_WORK INSTRUCTION:_
From the entries below, reproduce exactly the line containing "スマイル班の中で異学年の児童", the line containing "Произношение — это", and every line in between, with nothing added.

_SUPPLIED RECORDS:_
········

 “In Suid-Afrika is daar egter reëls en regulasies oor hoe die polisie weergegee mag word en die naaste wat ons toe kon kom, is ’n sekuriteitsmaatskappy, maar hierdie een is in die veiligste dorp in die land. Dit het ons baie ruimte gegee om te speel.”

········

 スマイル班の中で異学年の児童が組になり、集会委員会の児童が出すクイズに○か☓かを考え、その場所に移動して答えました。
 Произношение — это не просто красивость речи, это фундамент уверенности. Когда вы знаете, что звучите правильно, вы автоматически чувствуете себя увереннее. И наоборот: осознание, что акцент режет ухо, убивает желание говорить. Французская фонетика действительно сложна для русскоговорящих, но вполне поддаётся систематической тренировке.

········

_EXERCISE SOLUTION:_
 スマイル班の中で異学年の児童が組になり、集会委員会の児童が出すクイズに○か☓かを考え、その場所に移動して答えました。
 Произношение — это не просто красивость речи, это фундамент уверенности. Когда вы знаете, что звучите правильно, вы автоматически чувствуете себя увереннее. И наоборот: осознание, что акцент режет ухо, убивает желание говорить. Французская фонетика действительно сложна для русскоговорящих, но вполне поддаётся систематической тренировке.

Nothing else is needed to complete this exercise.